When this was pointed out again to me this morning by my friend, it gave me pause for thought. I think that I do spend an awful lot of time taking care of making sure everyone I care about is happy rather than do it for myself. I suppose I have always done it, and assumed that everyone was doing the same thing. It's a characteristic I have inherited from my mother, whose frankly mind-boggling altruism (of course) drives me mad. "Why don't you just take care of yourself first?", I wail, continuing a proud human tradition of being most annoyed by the characteristics in others that are most damning of yourself.
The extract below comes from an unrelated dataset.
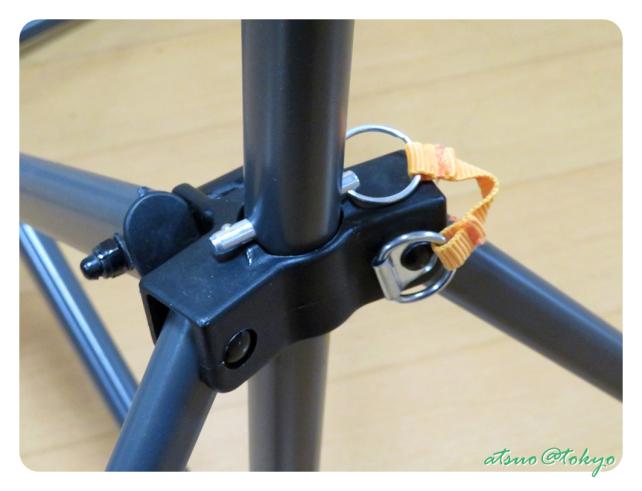 更に脚部を開く事で、支柱にピンを挿し込む穴が見えてくるので、付属のピンを奥まで挿し込み固定します。

Thing is, wanting the people you love to be happy isn't a particularly bad characteristic. There are worse ones. Racism, farting on all the cans in a supermarket or wiping your bum on the curtains are but three examples. However, when the same people I am trying to cheer are at the same time worried about whether I am happy, it's somewhat counterproductive.

"Don't worry about me" is something of a mantra of mine. And I always mean it. But I wouldn't say I've ever been particularly happy at any point in my life thus far. Neutral is about as high as I pitch for. Maybe it's time for me to worry about me a little bit more. If only because it will give other people one less thing to worry about. And then they'll feel happier.